# Work to complete:
Go through the data below and repeat it exactly, skipping each picture.

┌─ Dataset section

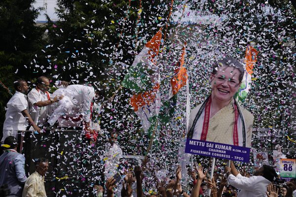 Supporters of India's main opposition party, Indian National Congress, display a cutout photo of their leader Sonia Gandhi, as they celebrate early leads for their party in Telangana state elections in Hyderabad, India, on Dec.3.Mahesh Kumar A/The Associated Press
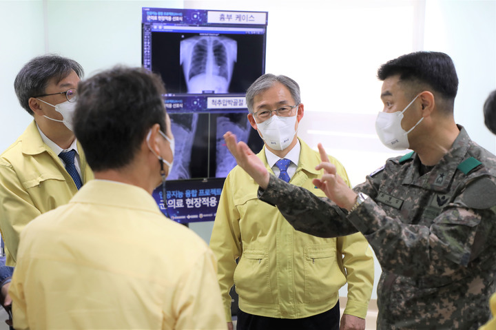 [서울=뉴시스] 김진아 기자 = 국방부와 과학기술정보통신부, 정보통신산업진흥원, 국방기술진흥연구소가 27일 경기 성남 국군수도병원에서 군의료 분야 인공지능 융합 프로젝트(AI+X) 개발 솔루션 시범적용 선포식을 개최, 최병섭 의무사령관이 한현수 국방부 기회조정실장과 박윤규 과기정통부 정보통신정책실장 등 관계관들에게 의료영상 판독 솔루션 적용 현장을 설명하고 있다. (사진=국방부 제공) 2021.10.27. [email protected]
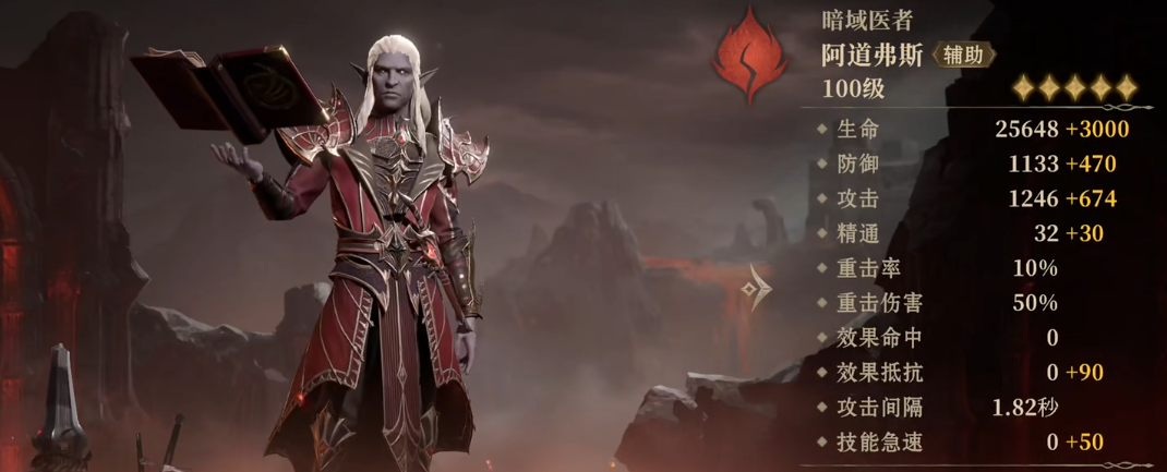 阿道弗斯,紫火盾,特点是群体护盾和拉条,pve和pvp全场景适用,采用三只耳套装,属性方面在能站得住的前提下主堆领悟和攻击,是火毒体系的次选。

└─

# Exercise response:
 Supporters of India's main opposition party, Indian National Congress, display a cutout photo of their leader Sonia Gandhi, as they celebrate early leads for their party in Telangana state elections in Hyderabad, India, on Dec.3.Mahesh Kumar A/The Associated Press
 [서울=뉴시스] 김진아 기자 = 국방부와 과학기술정보통신부, 정보통신산업진흥원, 국방기술진흥연구소가 27일 경기 성남 국군수도병원에서 군의료 분야 인공지능 융합 프로젝트(AI+X) 개발 솔루션 시범적용 선포식을 개최, 최병섭 의무사령관이 한현수 국방부 기회조정실장과 박윤규 과기정통부 정보통신정책실장 등 관계관들에게 의료영상 판독 솔루션 적용 현장을 설명하고 있다. (사진=국방부 제공) 2021.10.27. [email protected]
 阿道弗斯,紫火盾,特点是群体护盾和拉条,pve和pvp全场景适用,采用三只耳套装,属性方面在能站得住的前提下主堆领悟和攻击,是火毒体系的次选。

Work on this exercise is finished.